Um exercício para a LIBERDADE

 

Quando você fala em liberdade, no que você pensa? A liberdade é uma característica do ser cristão. Martin Lutero escreve: “O cristão é um senhor livre de tudo, a ninguém sujeito.” A liberdade para a pessoa cristã é total, envolve toda a vida. Lutero continua: “O cristão é um servo dedicado de tudo, a todos sujeito.” E agora ele parece falar da pessoa cristã como prisioneira, parece falar de servidão. Na verdade Lutero fala da liberdade total que nos permite servir ao próximo.

A liberdade é presente que recebemos de Deus. Na cruz de Cristo ele nos liberta de todo o medo e nos alcança com todo o seu amor e paz para o mundo. Por isso o apóstolo Paulo escreve: Cristo nos libertou para que sejamos de fato livres. ”Por isso, continuem firmes nessa liberdade e não se tornem novamente escravos.” (Gálatas 5.1).

Como alguém que é livre pode se tornar escravo? O que nos escraviza? Se alguém é incapaz de parar de beber, fumar, jogar, emitir preconceitos raciais ou morais, por exemplo, está se tornando dependente. Se consegue deixar disso, ao menos por um tempo, é livre. Se não, é escravo.

Uma das parábolas de Jesus que melhor explica como Deus nos abriga em sua liberdade, nos acolhendo em sua misericórdia, é a parábola do Pai amoroso no Evangelho de Lucas 15.11-24. A letra de uma música da banda Jota Quest nos ajuda a meditar com a parábola na liberdade total que Deus nos dá.

Te tenho com a certeza de que você pode ir.
Te amo com a certeza de que irá voltar, pra gente ser feliz.
Você surgiu e juntos conseguimos ir mais longe.
Você dividiu comigo a sua história e me ajudou a construir a minha.
Hoje mais do que nunca somos dois. A nossa liberdade é o que nos prende.

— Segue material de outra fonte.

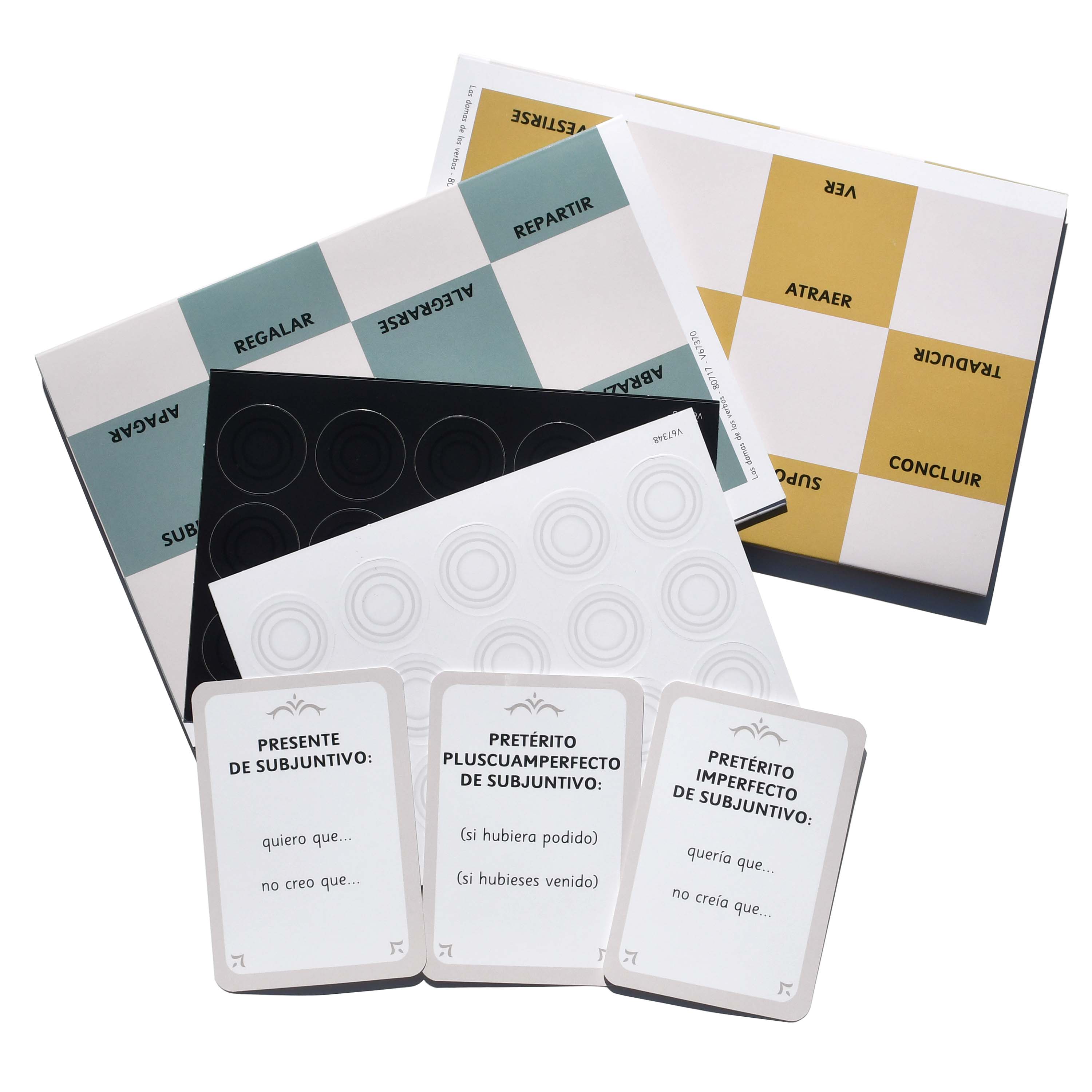 The game contains 2 game boards with 4 checkerboards (varying the difficulty of the verbs), 30 black and 30 white game pieces, 9 cards with personal pronouns as subjects, and 11 cards with information on the verb forms.

Viva todo o seu mundo. Sinta toda liberdade.
E quando a hora chegar, volta... O nosso amor está acima das coisas deste mundo.

Vai dizer que o tempo não parou naquele momento.
Eu espero por você o tempo que for,
Pra ficarmos juntos mais uma vez.

A música diz: “A nossa liberdade é o que nos prende.” A liberdade para a qual Cristo nos libertou nos prende às outras pessoas com quem convivemos. Ela nos apresenta um Deus de braços sempre abertos. Estamos ligados pelo amor de Deus que nos liberta para uma vida que dá gosto de ser vivida. Nesta liberdade somos responsáveis uns pelos outros, por amor. E amamos porque Deus nos amou primeiro.

Que possamos nos colocar à serviço da liberdade todos os dias, para que a escravidão dê lugar à vida e à relações de liberdade. Vamos fazer esse exercício e festejar cada sinal de liberdade.